AI can flip that by using real member behavior to personalize guidance:
- Spot subscription creep and suggest ways to save
- Notice income volatility and recommend building a buffer
- Identify young members who look ready for their first auto loan or credit card
Instead of generic blog posts, members get timely, specific nudges. It’s the difference between “budgeting tips” and “You’re on track to pay an extra $600 in interest this year—here’s how to fix that.”
Making Data Truly Actionable: A Simple Blueprint
Lesley’s focus on turning data into manageable, actionable reports is the right place to start. You can extend that mindset to AI projects with a straightforward blueprint.
Step 1: Pick one narrow, member-centric problem
For example:
- Card abandonment after a fraud incident
- High call volume about simple balance or payment questions
- Members using competitor cards for key merchant categories
If a problem doesn’t have a clear member impact, it’s not a good AI starting point.
Step 2: Define the specific action you’ll take
Be concrete:
- Trigger a personalized outreach sequence when card usage drops 80%
- Offer self-service options when a member calls with a simple inquiry
- Send a targeted card campaign to members spending heavily at certain merchants with competitor cards
You should be able to explain the action in one sentence to your board.
Step 3: Identify the minimum data needed
Resist the urge to “use everything.” Instead:
- List 3–5 essential fields (e.g., last 90 days of card transactions, logins, product mix)

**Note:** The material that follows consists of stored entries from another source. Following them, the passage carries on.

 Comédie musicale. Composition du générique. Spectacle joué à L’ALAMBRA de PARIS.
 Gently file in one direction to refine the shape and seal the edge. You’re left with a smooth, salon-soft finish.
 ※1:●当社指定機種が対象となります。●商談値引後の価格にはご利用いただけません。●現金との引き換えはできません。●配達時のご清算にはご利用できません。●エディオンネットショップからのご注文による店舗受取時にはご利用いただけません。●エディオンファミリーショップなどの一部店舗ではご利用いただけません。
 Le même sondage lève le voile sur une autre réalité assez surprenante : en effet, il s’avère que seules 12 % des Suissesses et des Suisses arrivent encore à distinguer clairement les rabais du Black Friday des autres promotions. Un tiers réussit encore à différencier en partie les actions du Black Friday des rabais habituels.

- Confirm where that data lives and who owns it
- Align on definitions and quality checks
You’re trying to get to usable data, not perfect data.
Step 4: Choose the simplest AI/analytics approach
Not every problem needs deep learning.
Use the least complex tool that works:
- Rules-based models for simple triggers (e.g., usage drops, missed logins)

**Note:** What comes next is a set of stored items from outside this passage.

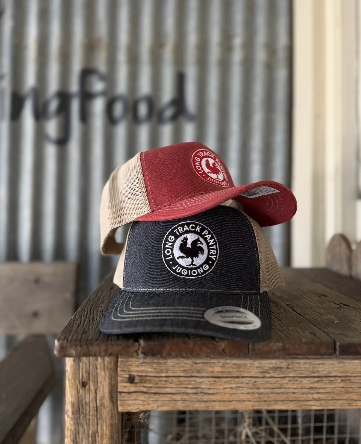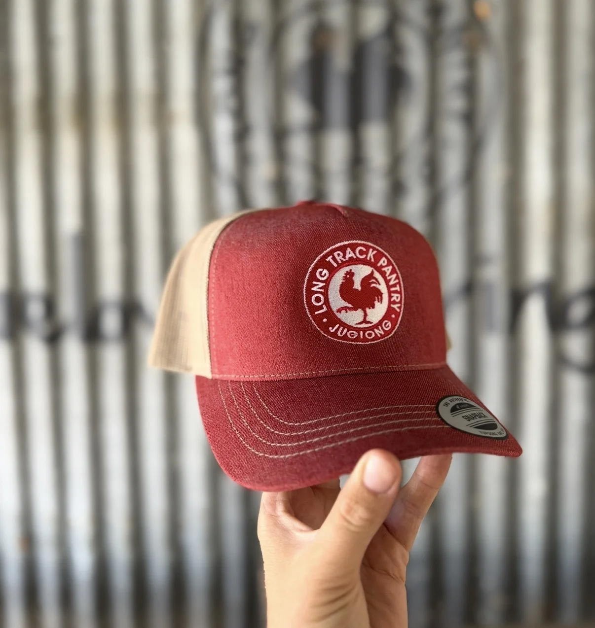 / Long Track Pantry Cap Red Denim
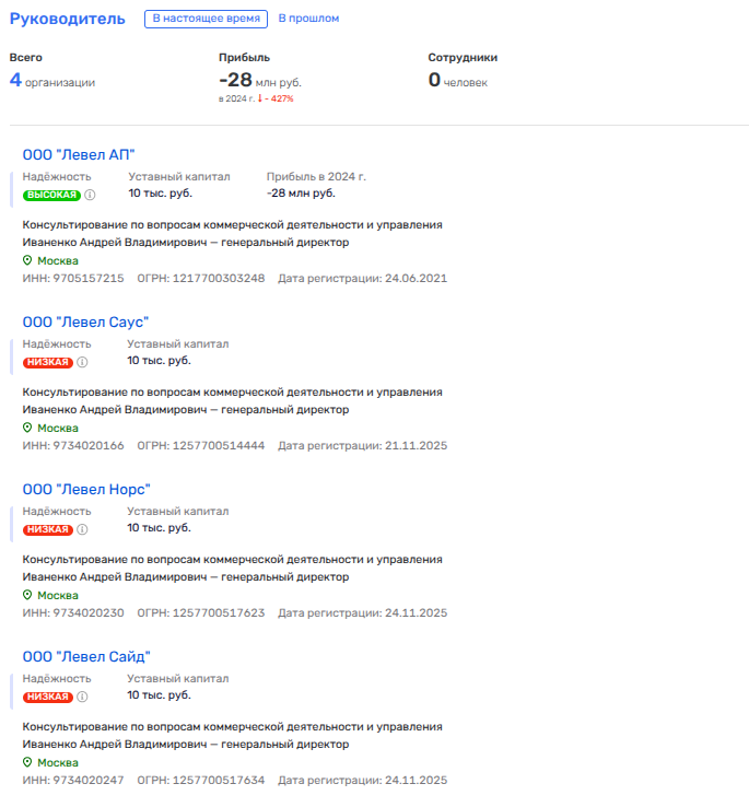 Подконтрольно оно ООО «Левел Групп» (90%), а еще 10% отстегнули директору Андрею Иваненко. Последний - директор целой пачки свеженаштампованных в конце ноября 2025 года новых юрлиц из дивизиона Level Group - «Левел Саус», «Левел Норс», «Левел Сайд», явно созданных для каких-то тендеров или ввода на площадку в Нижнем. Чистенькие активы, через которые можно вывести средства?
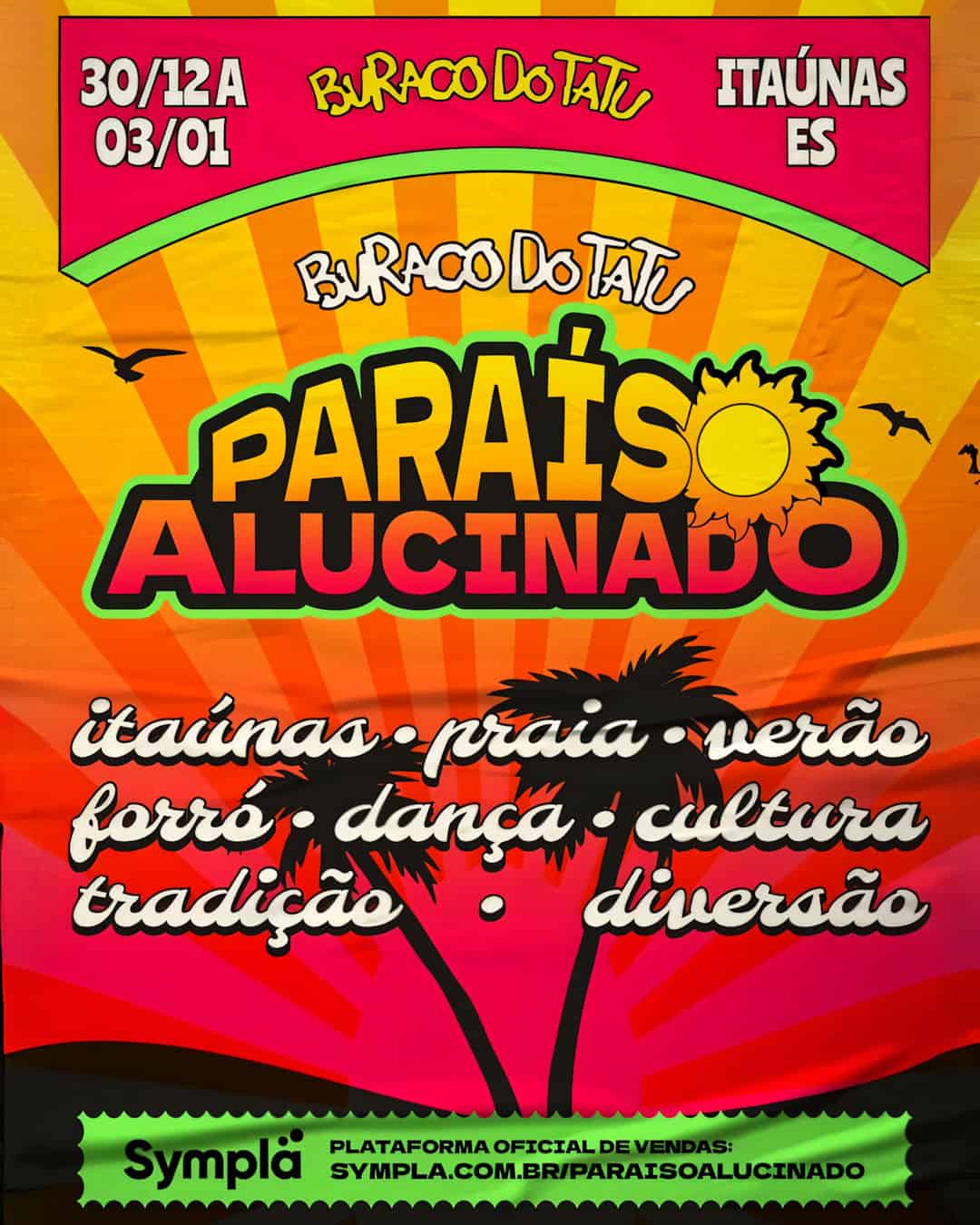 O Paraíso Alucinado – Réveillon 2026 acontece de 30 de dezembro de 2025 a 03 de janeiro de 2026, no Buraco do Tatu, em Itaúnas, Conceição da Barra. Entre as atrações confirmadas estão Mestrinho, Trio Xamego, Diego Oliveira, Alvorada, Diana do Sertão, Potiguá, Coisa de Zé, Nando Nogueira, Forrofiá, Bárbara Greco, Badalação (Duo Coisa de Zé e Alvorada), Amor di Montão (Duo Diego Oliveira e Nando Nogueira), DJs e oficinas de dança.

- Basic propensity models to rank members by likelihood to respond
- More advanced AI models only when the signal is hard to spot with simple rules
Your goal is decision support, not algorithmic art.
Step 5: Measure, learn, and tighten the loop
Before launch, decide:
- What success looks like (e.g., 20% increase in retained card spend, 15% fewer simple calls, 10% lift in digital engagement)
- How long you’ll run the pilot
- How you’ll gather member and staff feedback
This is where culture matters. The best credit unions treat each AI project as a learning engine, not a one-and-done.
Future-Proofing Your Credit Union’s Business Model
Lesley talks about future-proofing the credit union model through continuous improvement, speed, and data-based strategy. AI is now part of that conversation whether we like it or not.
Here’s the reality:
- Your members already interact with AI every day—in the apps they use, the recommendations they see, the fraud checks they never notice.
- Fintechs and big banks are using data to set the default expectation for “normal” financial service.
- Credit unions that rely only on great people and legacy processes will feel slower and less relevant, even if their intentions are member-first.
But this isn’t a story about being left behind. There’s a better way to approach AI for credit unions:
- Start from your strengths. You already have deep member trust, strong relationships, and a culture of service. Use AI to amplify that, not replace it.
- Make data actionable before you make it fancy. If a report doesn’t change a decision, it’s noise. If an AI tool doesn’t change a member experience, it’s shelfware.
- Treat AI as a long-term capability, not a one-time project. Just like digital banking, the first launch is the beginning, not the end.
If your next leadership discussion about AI focuses less on buzzwords and more on questions like, “What are the top three member experiences we’d improve with better data?”, you’re on the right track.
The credit unions that thrive over the next decade won’t be the ones with the flashiest tech stack. They’ll be the ones that quietly, consistently turn their data into better decisions for their members—every single day.
So the real question is simple: What’s the first piece of member data you’re going to turn into action this year?